Enfin une bonne nouvelle sur le front de l'inflation qui a baissé dans la zone euro en novembre pour la première fois depuis un an et demi, mais à 10% sur un an elle reste préoccupante et le retournement de tendance est incertain.
Le taux d'inflation a reculé à 10% en novembre en glissement annuel, contre 10,6% en octobre pour les 19 pays partageant la monnaie unique, soit la première baisse depuis juin 2021 grâce une accalmie sur les tarifs du gaz et du pétrole, a annoncé mercredi Eurostat.
Tirée par les prix de l'énergie et de l'alimentation, l'inflation avait atteint chaque mois un plus haut niveau historique depuis novembre 2021. La situation s'était aggravée depuis le printemps avec les perturbations des marchés liées à la guerre en Ukraine.

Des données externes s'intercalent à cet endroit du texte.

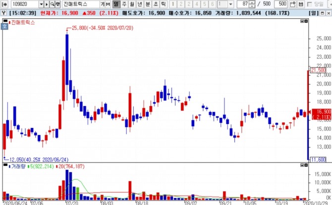 이미지 확대보기29일 주식시장에서 진매트릭스는 코로나19와 독감을 동시에 진단하는 제품이 유럽 인증을 받았다는 소식에 상승세를 보이고 있다.

La baisse constatée en novembre est plus forte que ce qu'avaient prévu les analystes de Bloomberg et Factset qui tablaient sur une inflation à 10,4%.
Le ralentissement de la hausse des prix a surtout concerné l'énergie dont les tarifs plafonnent à très haut niveau. Cette composante de l'indice a progressé de 34,9% en glissement annuel, après 41,5% en octobre.
La flambée des prix de l'alimentation (y compris alcool et tabac) a cependant continué à s'accélérer à 13,6%, en progression de 0,5 point par rapport au mois précédent.
La hausse des prix dans l'industrie est restée stable à 6,1% sur un an en novembre, tandis qu'elle s'est légèrement ralentie dans les services à 4,2% (-0,1 point).
Au sein de la zone euro, l'Espagne a détrôné la France pour le taux d'inflation le plus faible à 6,6% sur un an, contre 7,1% dans l'Hexagone, d'après les données harmonisées d'Eurostat. La hausse des prix à la consommation a légèrement reculé en Allemagne à 11,3% (-0,3 point) et en Italie à 12,5% (-0,1 point).
Le recul de l'inflation en novembre devrait alléger la pression sur la Banque centrale européenne (BCE), engagée dans un mouvement de hausse des taux.
Mais la présidente de la BCE, Christine Lagarde, a souligné lundi qu'elle serait "surprise" si l'inflation avait atteint son pic en octobre, suggérant qu'elle risquait donc de continuer à augmenter ces prochains mois et que le resserrement monétaire en cours allait se poursuivre.
Le taux observé sur un an reste de toute façon encore très au-dessus de l'objectif de 2% fixé par la BCE.
"J'aimerais voir l'inflation avoir culminé en octobre mais je pense qu'il y a trop d'incertitude" pour supposer que c'est le cas, a déclaré Mme Lagarde lors d'une audition devant le Parlement européen.
"On est encore loin d'être sorti d'affaire", a également estimé mercredi Bert Colijn, économiste de la Banque ING.
Mais, selon lui, cette première lueur au bout du tunnel "pourrait pousser la BCE à envisager une hausse plus petite de ces taux d'intérêt le mois prochain" de 0,5 point de pourcentage plutôt que 0,75 point, lors de sa prochaine réunion en décembre.
Pour faire face à l'inflation élevée dans le sillage de la guerre en Ukraine, la BCE a relevé ses taux de deux points de pourcentage depuis juillet, ce qu'elle n'a jamais fait aussi brusquement de toute son histoire. Alors que l'Europe estime être entrée en récession au cours du quatrième trimestre, le resserrement monétaire risque d'aggraver la contraction de l'activité économique, en limitant l'accès au crédit.
"Est-ce que l'inflation a atteint son pic ? Cela reste à voir. Un nouvel épisode de la crise énergétique pourrait facilement propulser de nouveau l'inflation à la hausse", a souligné M.Colijn.
Même si l'inflation avait finalement atteint son point haut en octobre et que le repli devait se confirmer "il est probable qu'elle restera au-dessus de l'objectif de 2% tout au long de l'année prochaine", souligne Andrew Kenningham, expert de Capital Economics.
Selon lui, l'inflation chutera tout de même l'an prochain, jusqu'à atteindre 2,5% en décembre 2023. Les prix de l'énergie, qui ont déjà beaucoup augmenté, auront du mal à flamber davantage alors que les cours du gaz, du pétrole ou de l'électricité sur les marchés ont amorcé un net retournement ces derniers mois.